[Extracted material]:
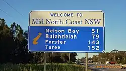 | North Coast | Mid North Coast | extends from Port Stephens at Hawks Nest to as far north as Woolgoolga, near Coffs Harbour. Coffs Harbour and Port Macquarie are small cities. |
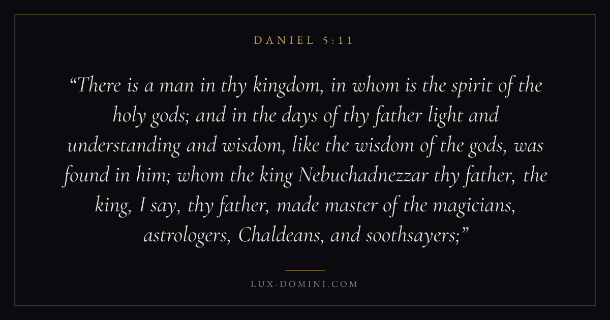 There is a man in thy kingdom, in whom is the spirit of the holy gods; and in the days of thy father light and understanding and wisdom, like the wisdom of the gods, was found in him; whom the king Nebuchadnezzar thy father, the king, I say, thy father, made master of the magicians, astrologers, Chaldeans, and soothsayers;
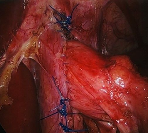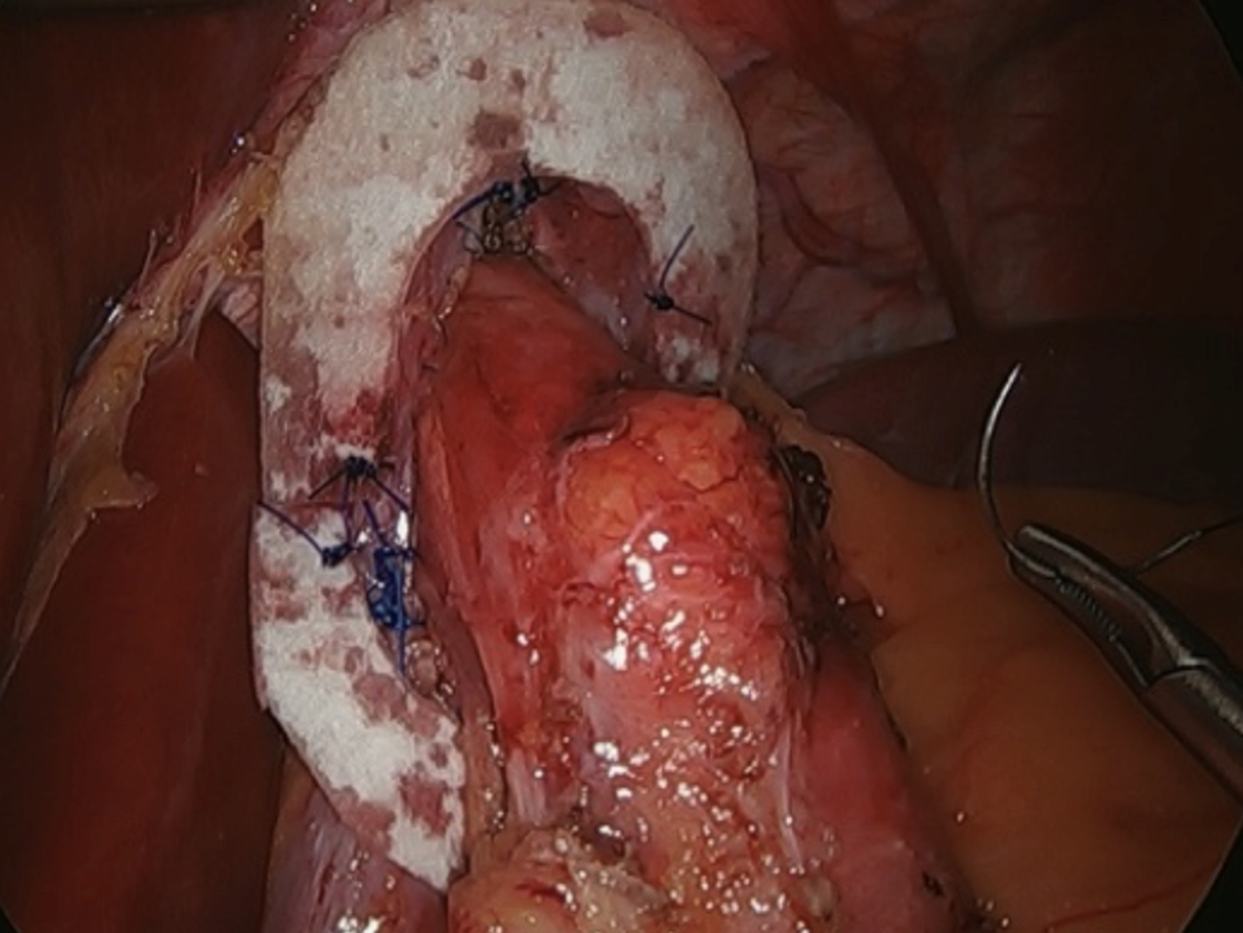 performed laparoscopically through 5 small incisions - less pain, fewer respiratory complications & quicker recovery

==

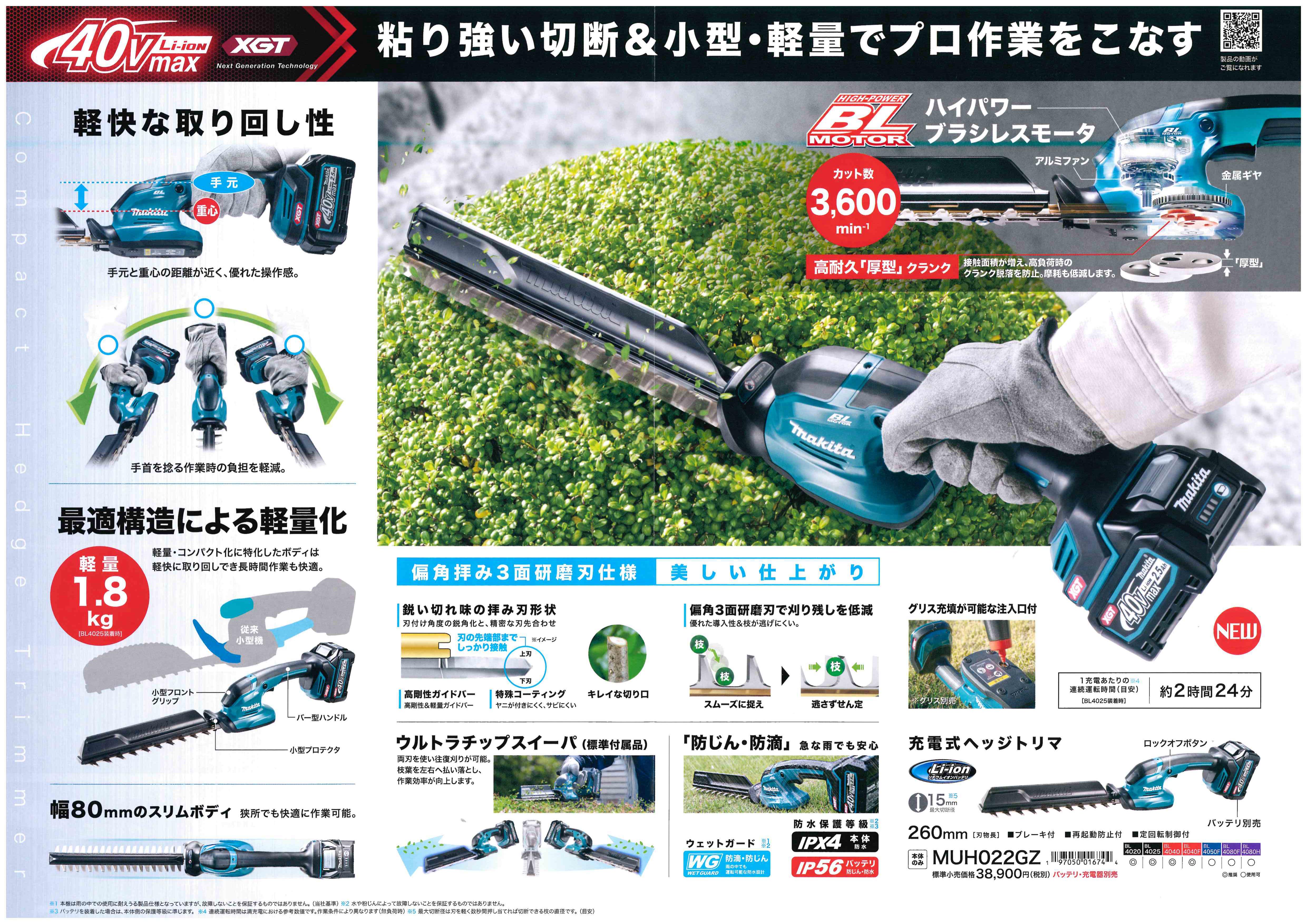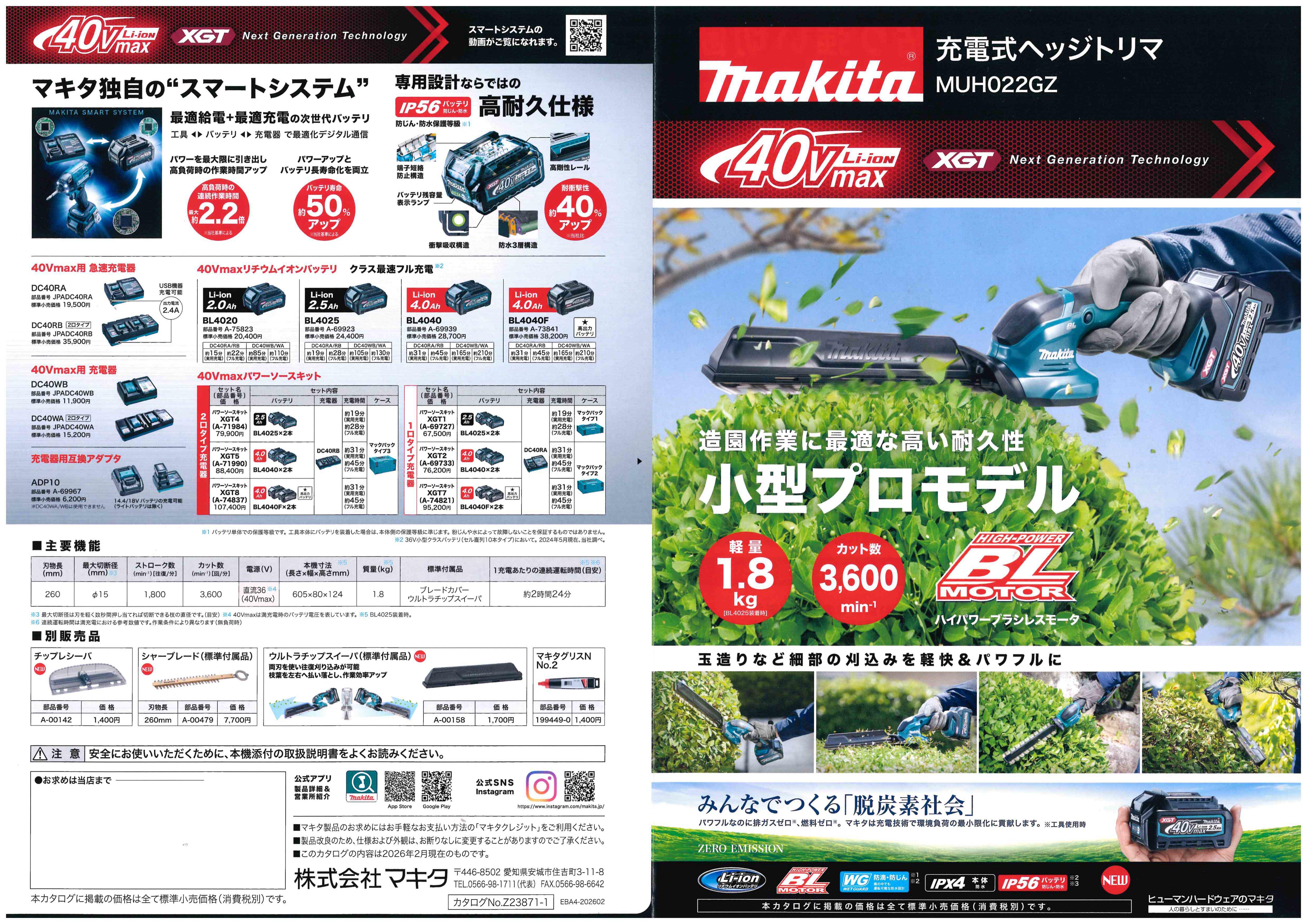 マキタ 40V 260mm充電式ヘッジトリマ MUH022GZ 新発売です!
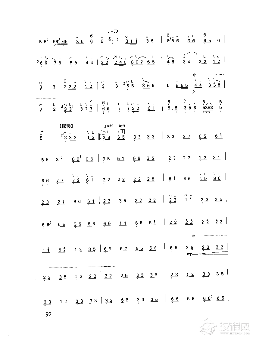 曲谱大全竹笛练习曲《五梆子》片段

[Exercise requirements]: Reproduce the records above exactly, but only from the line with "マキタ 40V 260mm充電式ヘッジトリマ MUH022GZ 新発売です!" up to and including the line with "曲谱大全竹笛练习曲《五梆子》片段". Leave the pictures out.

[Answer for this exercise]:
 マキタ 40V 260mm充電式ヘッジトリマ MUH022GZ 新発売です!
 曲谱大全竹笛练习曲《五梆子》片段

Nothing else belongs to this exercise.